Anthony Bacon

Anthony Bacon arrived in Merthyr Tydfil in 1763. He was a wealthy London merchant who had acquired a knowledge of iron smelting in his native Cumberland. He made a careful survey of the district, and then decided to obtain a stretch of land along the right bank of the river Taff. In 1765 he leased a portion measuring eight miles by five miles, and agreed to pay the sum of £100 a year. Being a shrewd business man, he was more far sighted than the other early iron masters for he saw that it was necessary to have a better road to join the village to Cardiff. Only by so doing could the iron be sent to the seaport more easily and cheaply. The work of constructing the road soon began and by 1767 it was opened for traffic.

Bacon paid particular attention to the production of iron of a very high quality. So good was it that he obtained the contract for supplying some of the cannon used by the British forces in the American War of Independence.

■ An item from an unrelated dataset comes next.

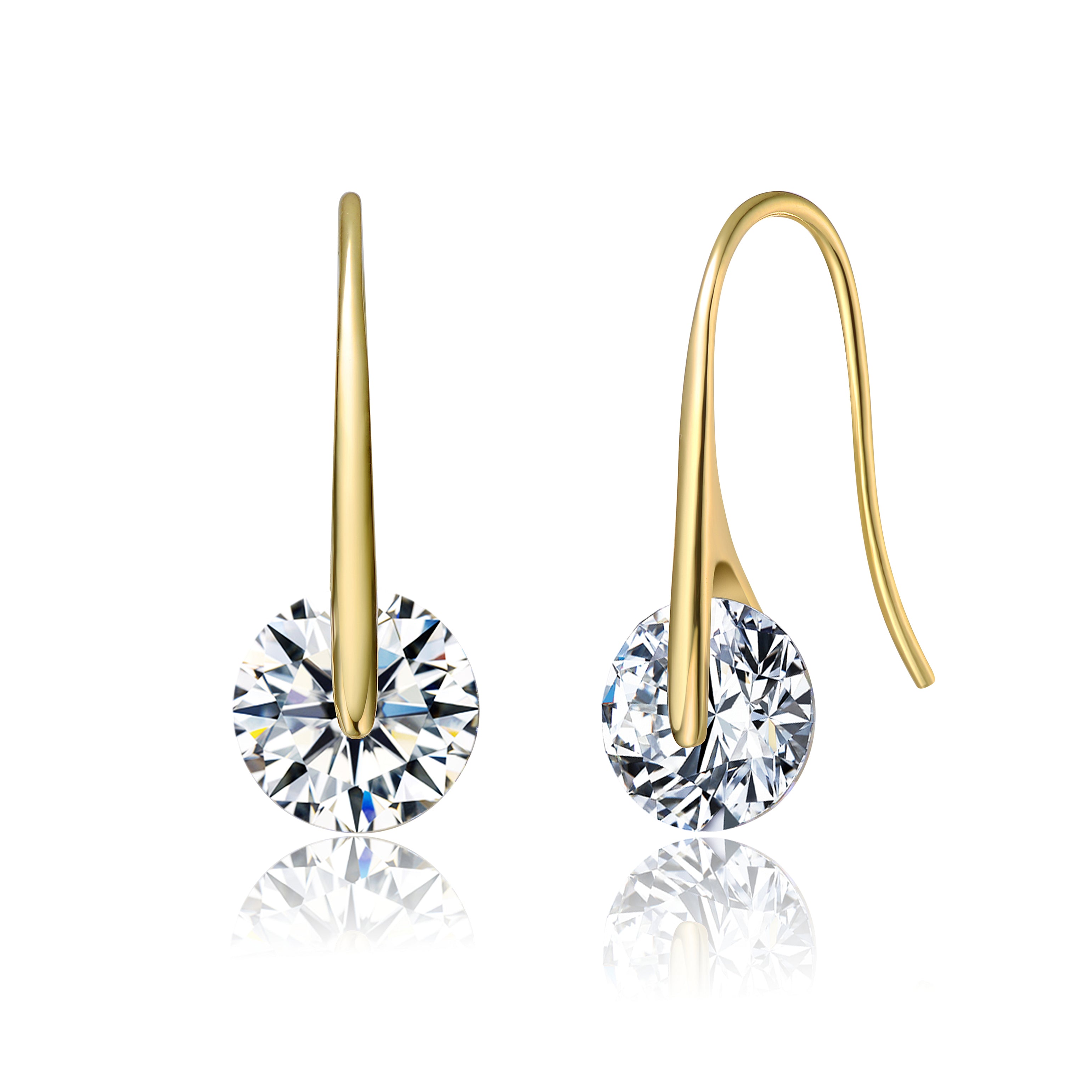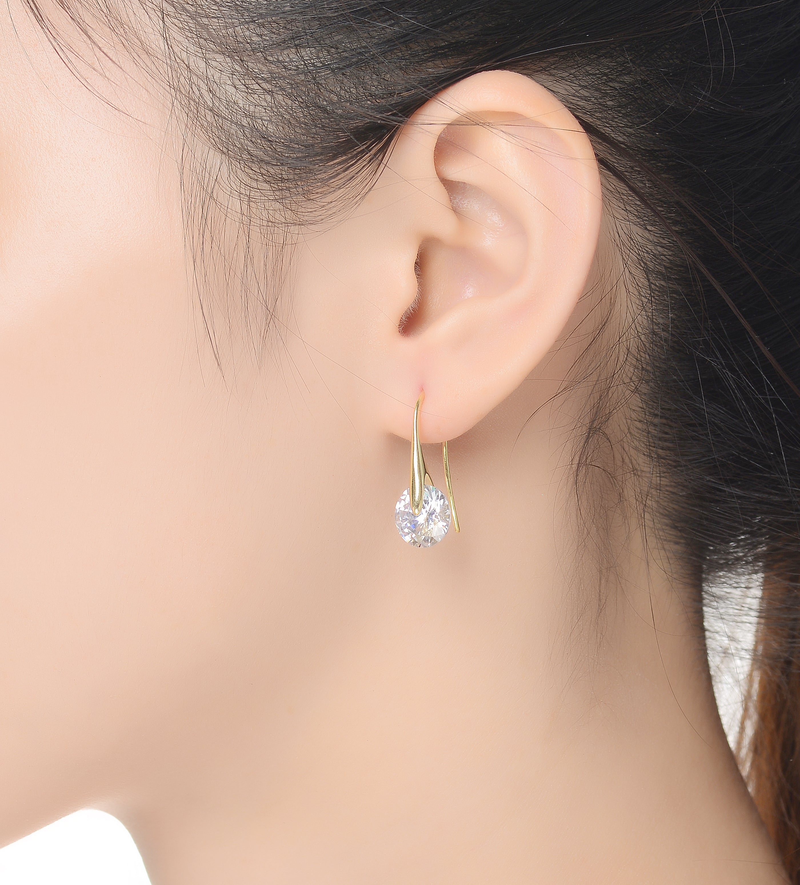 Stylish solitaire drop earrings. Add these pretty dangle earrings to your casual, night, formal, or semi-formal look, making them the perfect detail for your style. A sparkling round brilliant cut solitaire stone set in the middle of each shiny French hook gives them a classic yet glamorous appeal, allowing them to easily slip on the ears. Gift them as a birthday or holiday gift. Choose from white, gold, mint tourmaline, and ruby red color options.

Two men who were destined to become prominent local iron-masters were brought to the district by Anthony Bacon. These were Samuel Homfray and Richard Hill. The efficiency of these managers and the skill of the workforce made Cyfartha and Plymouth famous, and enabled Bacon to amass a large fortune. He retired from the district in 1784, and on his death in 1786, he left the works to his sons, who took no interest in the industry. The Plymouth and Cyfartha undertakings were sold to Richard Hill and Richard Crawshay respectively, and then entered upon a period of even greater prosperity.